Since the 12th National Congress in 2007, the Party has had an unprecedented growth in membership - from 50 000 in 2007, membership grew to 150 000 by the 13th National Congress in 2012 - and now in 2015 that has increased to 230 000. This extraordinary growth is the result of the recognition that there can no longer be any significant advance in the living standards of the South African people under the system of financialised capitalism by class-conscious elements of the working-class which have recognised the vanguard role of the SACP and have decided to join.
Nevertheless, most new members do not understand that a Communist Party built on the principles laid down by V.I. Lenin is a different kind of party to mass parties like the African National Congress (ANC) and in fact to all other parties in South Africa. Joining a Communist Party anywhere in the world is not based simply on a general agreement with its philosophy and political direction. Joining a Communist Party means a commitment to learn and understand the basic ideology laid down by Marx, Engels and Lenin and its development by the world's Communist Parties in the concrete conditions of struggle. In South Africa we must know the history of the Party and its intimate connection with the national liberation movement led by the ANC. To know where we are going to, we must know where we have come from.
Membership of a Communist Party is not only about embarking on a course of lifelong study, it is about committing one's life to what Soviet writer Nikolai Ostrovsky described as "...the finest cause in all the world - the fight for the Liberation of Mankind." Thus one of the greatest tasks of the SACP Special Congress was to develop the mechanisms whereby new members are transformed into active and disciplined Party cadres and communists par excellence.

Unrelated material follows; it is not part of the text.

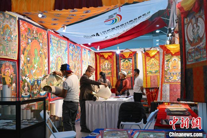 圖為拉薩進(jìn)口商品展覽會現(xiàn)場,顧客在選購唐卡。中新社記者 貢嘎來松 攝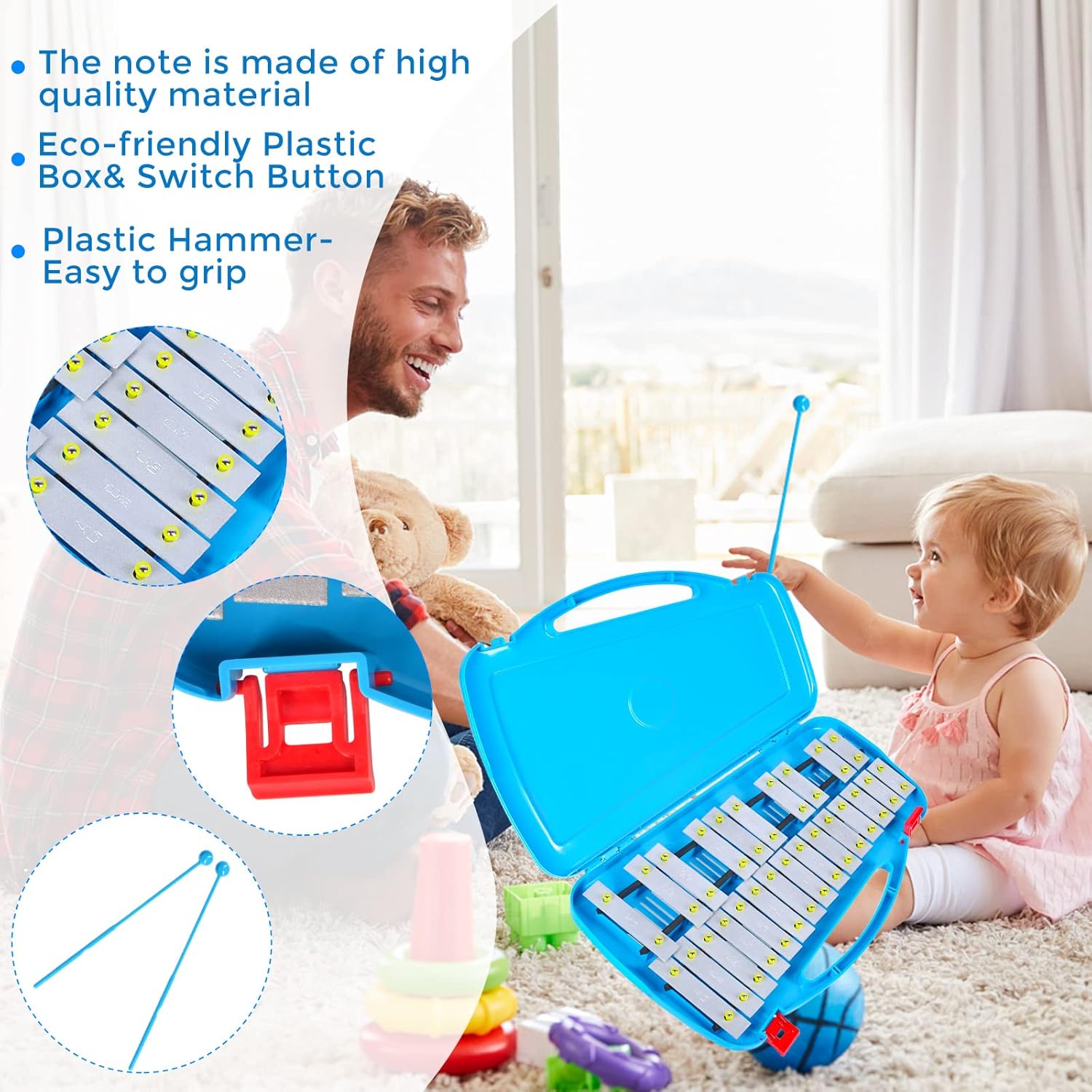 - Friendly Design - Glockenspiel is specially design for children, sound blocks with perfect tuning, Each of the 25 sound bars is elaborately made. It fits into the foundation of your child's music

Since about 1980, there has been a transformation in the world capitalist system which has made it even more destructive than ever before; the old capitalist system during the nineteenth and twentieth centuries, through ruthless exploitation of the world's resources, proletarianisation of the peasantry and exploitation of the working class nevertheless increased production faster than at any time during the world's history.
The new capitalism, in which money has become more important than production, began with the accession of Ronald Reagan as United States President and Margaret Thatcher as British Prime Minister. Under them, banks became deregulated leading to the enrichment of a tiny minority and the destruction of industry and the livelihoods of millions. This process spread to most of the world, including South Africa.
When apartheid was abolished in 1994 and the ANC took power by ascending to government leadership, it was against a backdrop of the temporary triumph of capitalism over socialism in the Soviet Union and Eastern Europe. The unfortunate, but on the whole necessary, compromise of 1990s negotiated settlement nevertheless led to an improvement of the lives of most South Africans. But the reactionary Class Project of 1996 led to an uncontrolled form of capitalism in some ways worse than under apartheid. The effects of this were not always visible immediately, but we are now seeing the results very clearly.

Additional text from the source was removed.